*** Input for this task ***

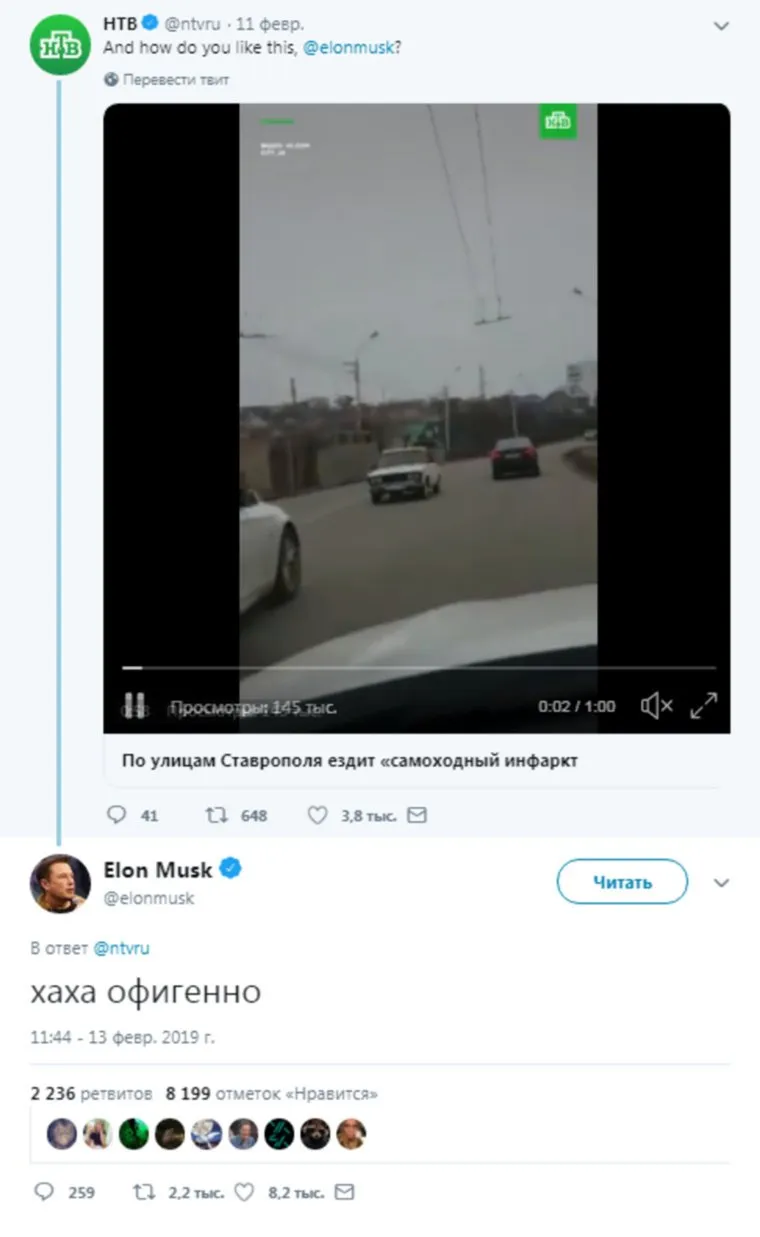 Ранее «URA.RU» сообщало, что житель Ставрополя собрал ВАЗ-2106 задом наперед — руль установил на месте задних кресел, а двигатель расположил в багажнике. Телеканал «НТВ» снял об умельце сюжет и разместил пост в Twitter, сопроводив публикацию мемом «How do you like this, @elonmusk» («Как тебе такое, Илон Маск»). Неожиданно для всех мультимиллионер ответил . Позже ГИБДД Ставропольского края привлекла мастера к ответственности .
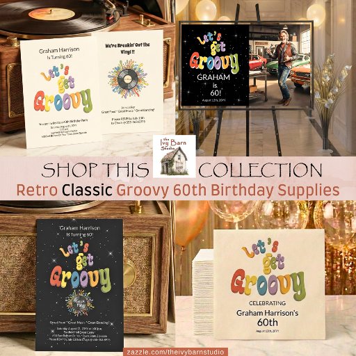 This will get guests excited to come to the 60th birthday party they are now invited to! Unique Retro Let's get Groovy design that's colorful and tasteful with the multi colored red, orange, blue, green, yellow on Black! On the back is a Retro Record Player and some "Cool Vibes" coming from it. The words below it promise great food, great music, and great dancing! Who wouldn't want that!?! Get excited and plan away!
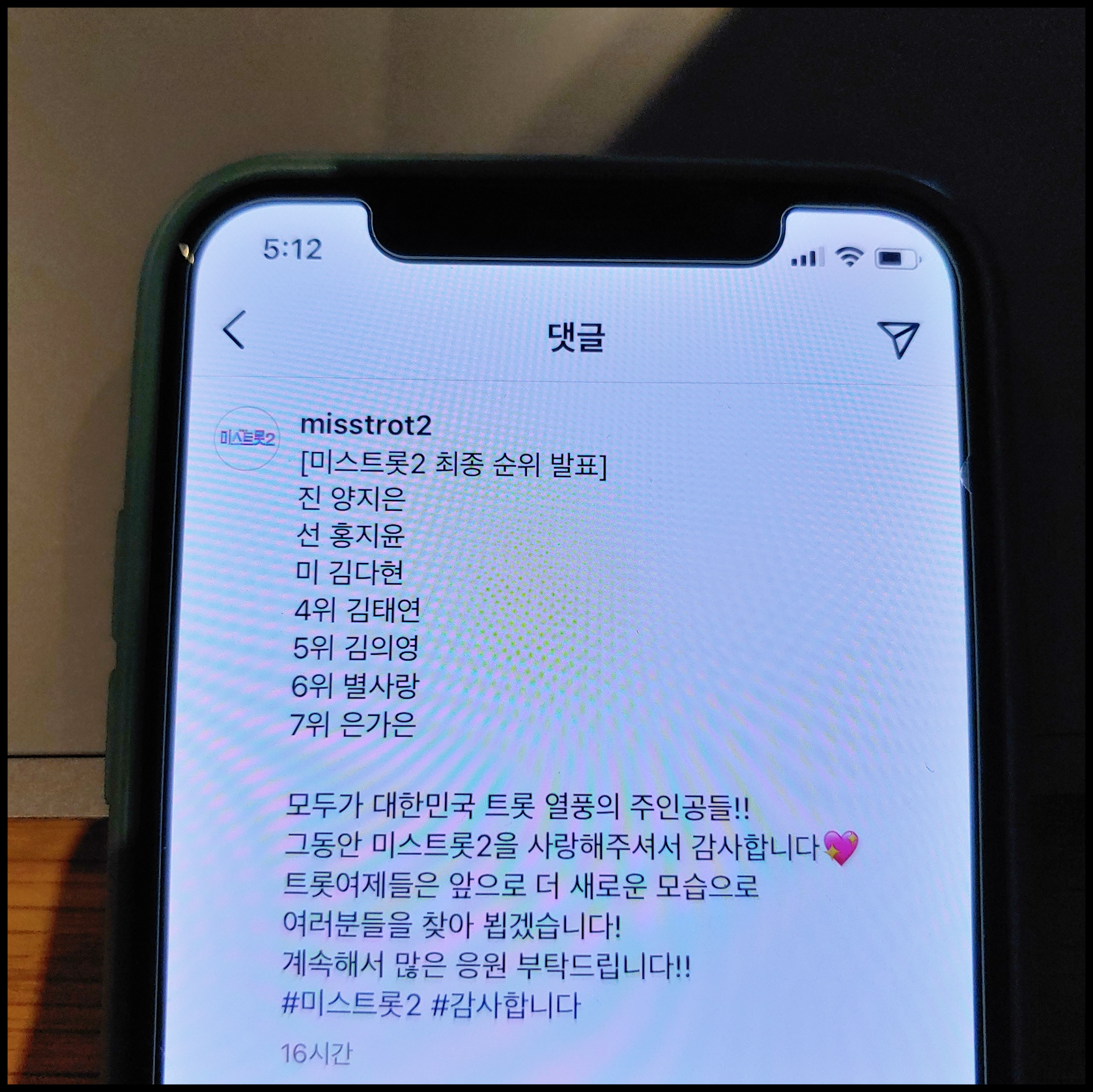 [사진 = 미스트롯2 공식 인스타그램에서는 이 프로그램 참가자들의 최종 순위를 발표했습니다. 진 양지은, 선 홍지윤, 미 김다현, 4위 김태연, 5위 김의영, 6위 별사랑, 7위 은가은 확정을 알렸습니다. 이 프로그램은 시청률 30% 돌파하며 국민적으로 뜨거운 관심을 끌었습니다. 양지은 뿐만 아니라 수많은 참가자들의 이름이 전국적으로 알려지면서 향후 이들의 연예계 활약이 기대되는 상황입니다. 특히 미스트롯2 양지은 진 달성 통해서 향후 국민적 신드롬을 불러 일으킬 것으로 기대되는 음악인이 배출된 것은 이 프로그램의 의미있는 성과 중에 하나 입니다. (C) TV조선 미스트롯2 공식 인스타그램]
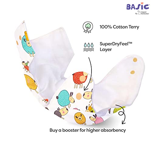 SuperBottoms BASIC Cloth Diaper For Baby | Washable & Reusable Cotton Cloth Diaper | 0-3 Years | Freesize | Adjustable | Reduces Rash | With 2 Quick Dry Pad/Insert | Sheep |
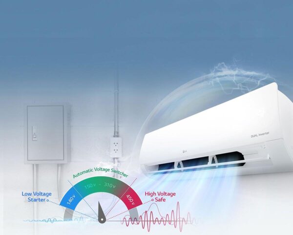 Volt Care protects an air conditioner from potential damage caused by voltage fluctuations. It is composed of LVS(Low Voltage Starter), AVS(Automatic Voltage Switcher), and HVS(High Voltage Safe) technologies. LVS and HVS protects the unit from low and high power supply and AVS allows for stable operation during voltage fluctuation range.
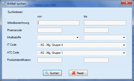 Pharmacode von/bis | Eine Eingabe schränkt die Suche auf die gewählten Artikel ein. |

*** End of Input for this task ***

# Task details:
Please give an exact printout of all the records, pictures aside.

# Answer to this problem:
 Ранее «URA.RU» сообщало, что житель Ставрополя собрал ВАЗ-2106 задом наперед — руль установил на месте задних кресел, а двигатель расположил в багажнике. Телеканал «НТВ» снял об умельце сюжет и разместил пост в Twitter, сопроводив публикацию мемом «How do you like this, @elonmusk» («Как тебе такое, Илон Маск»). Неожиданно для всех мультимиллионер ответил . Позже ГИБДД Ставропольского края привлекла мастера к ответственности .
 This will get guests excited to come to the 60th birthday party they are now invited to! Unique Retro Let's get Groovy design that's colorful and tasteful with the multi colored red, orange, blue, green, yellow on Black! On the back is a Retro Record Player and some "Cool Vibes" coming from it. The words below it promise great food, great music, and great dancing! Who wouldn't want that!?! Get excited and plan away!
 [사진 = 미스트롯2 공식 인스타그램에서는 이 프로그램 참가자들의 최종 순위를 발표했습니다. 진 양지은, 선 홍지윤, 미 김다현, 4위 김태연, 5위 김의영, 6위 별사랑, 7위 은가은 확정을 알렸습니다. 이 프로그램은 시청률 30% 돌파하며 국민적으로 뜨거운 관심을 끌었습니다. 양지은 뿐만 아니라 수많은 참가자들의 이름이 전국적으로 알려지면서 향후 이들의 연예계 활약이 기대되는 상황입니다. 특히 미스트롯2 양지은 진 달성 통해서 향후 국민적 신드롬을 불러 일으킬 것으로 기대되는 음악인이 배출된 것은 이 프로그램의 의미있는 성과 중에 하나 입니다. (C) TV조선 미스트롯2 공식 인스타그램]
 SuperBottoms BASIC Cloth Diaper For Baby | Washable & Reusable Cotton Cloth Diaper | 0-3 Years | Freesize | Adjustable | Reduces Rash | With 2 Quick Dry Pad/Insert | Sheep |
 Volt Care protects an air conditioner from potential damage caused by voltage fluctuations. It is composed of LVS(Low Voltage Starter), AVS(Automatic Voltage Switcher), and HVS(High Voltage Safe) technologies. LVS and HVS protects the unit from low and high power supply and AVS allows for stable operation during voltage fluctuation range.
 Pharmacode von/bis | Eine Eingabe schränkt die Suche auf die gewählten Artikel ein. |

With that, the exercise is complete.